:: The records

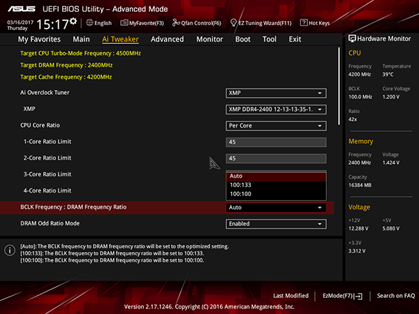 В настройках Ai Tweaker можно также задавать коэффициент BCLK Frequency:DRAM Frequency (100:100, 100:133) и настроить работу модулей памяти.
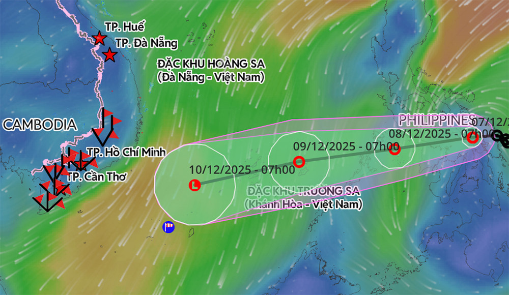 Khoảng 7h ngày 8/12, áp thấp nhiệt đới trên vùng biển phía Đông Bắc đảo Palawan (Philippines), đổi hướng Tây Tây Nam, mỗi giờ đi được 15-20km, duy trì cường độ cấp 6, giật cấp 8.
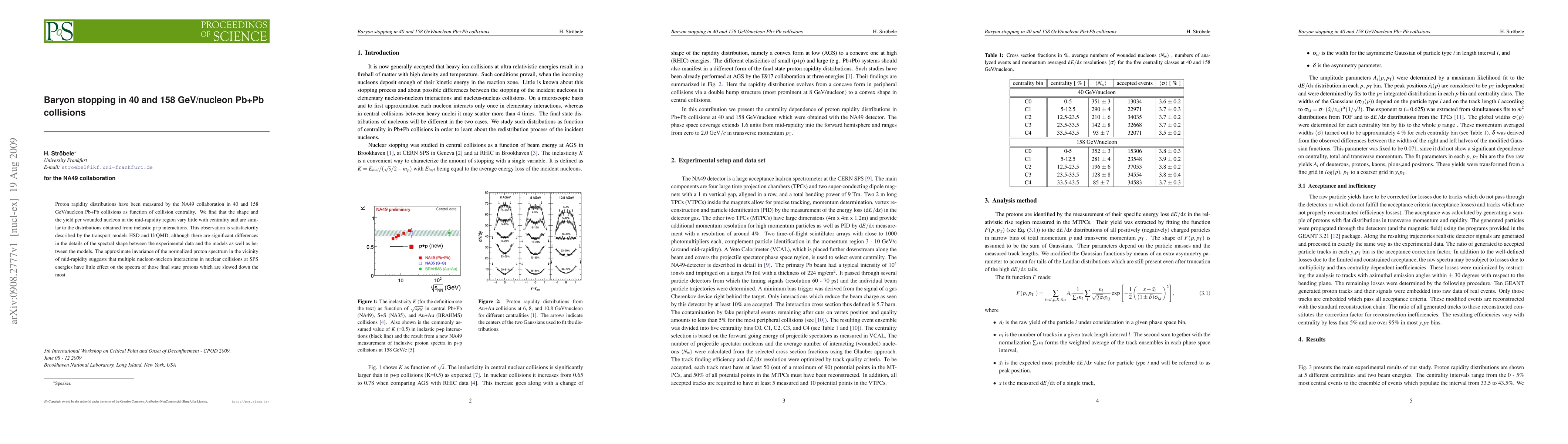 Researchers measured proton rapidity distributions in Pb+Pb collisions at 40 and 158 GeV/nucleon energies, finding that the shapes and yields of protons slowed down most remain similar across collision centrality levels. This suggests minimal impact of multiple nucleon-nucleon interactions on final-state proton spectra.
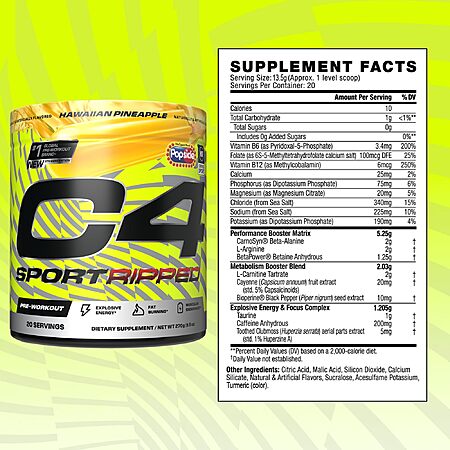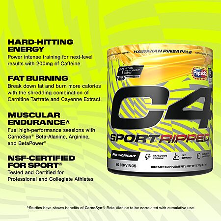 Model: Cellucor C4 Sport Ripped Pre-Workout Powder, Popsicle® Hawaiian Pineapple, 20 Servings
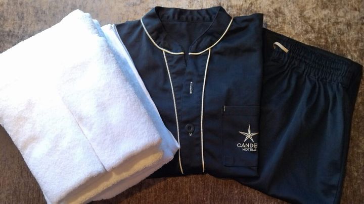 タオルやルームウェア、ミネラルウォーターなども用意され、棚や電源ボードなどにアクセントを加えるピンクゴールドのスチールはカンデオホテルならでは。エアコンも個別空調が可能です。
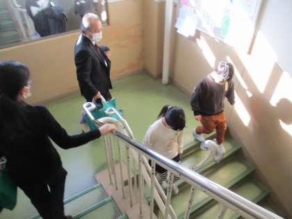 代表児童が図書館の方を案内しています。
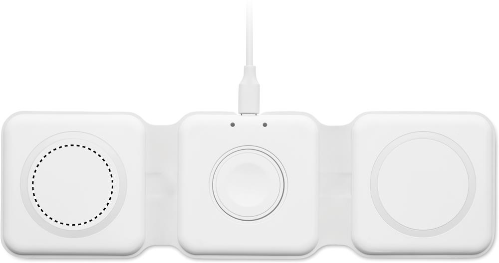 3 in 1 foldable charging station in ABS. It has 3 wireless charging spots (15W). Input: 2-in-1 Type-C and Type-A. Compatible with all QI enabled devices such as latest Androids, iPhone® 8, X and newer. Also compatible with iWatch.
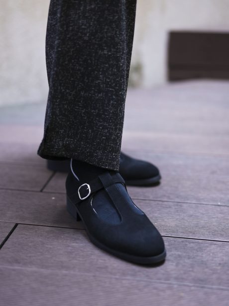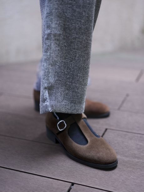 個人的には、ブラウンのツイードのセットアップに、このスエードのメリージェーンを合わせるのがめちゃくちゃ渋くて好み。
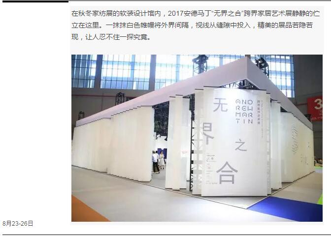 您现在的位置是:首页 > 要闻 “无界之合”跨界家居艺术展开启神秘面纱 来源:纺织贸促会官微 发布日期:2017-08-25 字体: 【小】 【中】 【大】 2017“无界之合”跨界家居艺术展汇集了来自室内设计、建筑设计、服装设计、艺术等近40位设计精英,以“无界之合”的概念,通过具象的家具、艺术陈设展示,表达对新家居生活方式的品位和理解。 分享: 热门文章: 2025intertextile春夏 | “友礼”同享齐观展... [2025-02-19] 2024年我国纺织行业经济运行总体平稳 [2025-02-17] 聚焦绿色智慧融合 展示产业用纺织品新趋势 [2025-02-11] 响应政策 落实服务 | PH Value义乌展全力“备战”中 [2025-02-11] 【亮星季】第一期正式开启 | 商贸先行,品质好礼享不停 [2025-02-10] 展会直通车
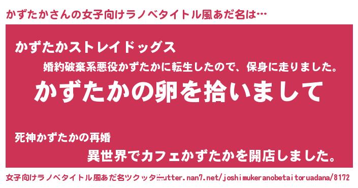 | 男性向けラノベタイトル風あだ名 | 『かずたかの嫁は女の子じゃないと思った?』 |
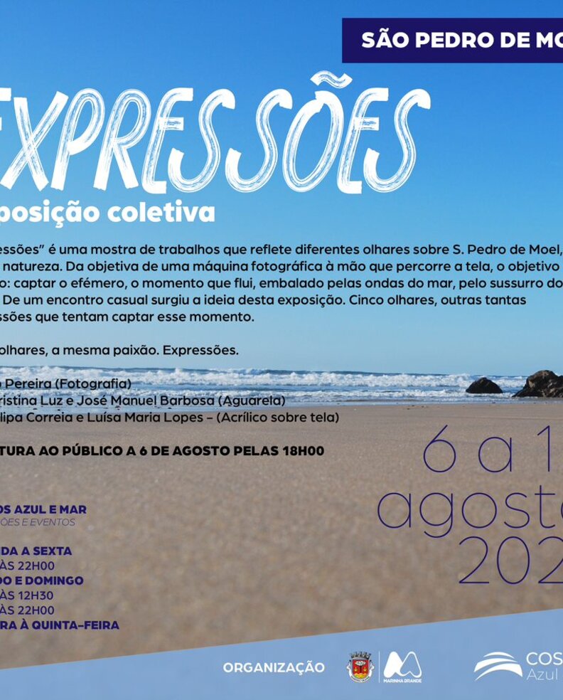 Na Sala Azul, no rés-do-chão, vai estar patente a Exposição Coletiva “Expressões”. Trata-se de uma mostra de trabalhos que reflete diferentes olhares sobre S. Pedro de Moel, o mar e a natureza. Da objetiva de uma máquina fotográfica à mão que percorre a tela, o objetivo é o mesmo: captar o efémero, o momento que flui, embalado pelas ondas do mar, pelo sussurro do vento. De um encontro casual surgiu a ideia desta exposição. Cinco olhares, outras tantas expressões que tentam captar esse momento.

::::

» Task: Only one part of the listing is wanted: the lines from the one containing "3 in 1 foldable" through the one containing "男性向けラノベタイトル風あだ名 | 『かずたかの嫁は女の子じゃないと思った?』 |", both included. Please transcribe it exactly, leaving out the pictures.

» Exercise solution:
 3 in 1 foldable charging station in ABS. It has 3 wireless charging spots (15W). Input: 2-in-1 Type-C and Type-A. Compatible with all QI enabled devices such as latest Androids, iPhone® 8, X and newer. Also compatible with iWatch.
 個人的には、ブラウンのツイードのセットアップに、このスエードのメリージェーンを合わせるのがめちゃくちゃ渋くて好み。
 您现在的位置是:首页 > 要闻 “无界之合”跨界家居艺术展开启神秘面纱 来源:纺织贸促会官微 发布日期:2017-08-25 字体: 【小】 【中】 【大】 2017“无界之合”跨界家居艺术展汇集了来自室内设计、建筑设计、服装设计、艺术等近40位设计精英,以“无界之合”的概念,通过具象的家具、艺术陈设展示,表达对新家居生活方式的品位和理解。 分享: 热门文章: 2025intertextile春夏 | “友礼”同享齐观展... [2025-02-19] 2024年我国纺织行业经济运行总体平稳 [2025-02-17] 聚焦绿色智慧融合 展示产业用纺织品新趋势 [2025-02-11] 响应政策 落实服务 | PH Value义乌展全力“备战”中 [2025-02-11] 【亮星季】第一期正式开启 | 商贸先行,品质好礼享不停 [2025-02-10] 展会直通车
 | 男性向けラノベタイトル風あだ名 | 『かずたかの嫁は女の子じゃないと思った?』 |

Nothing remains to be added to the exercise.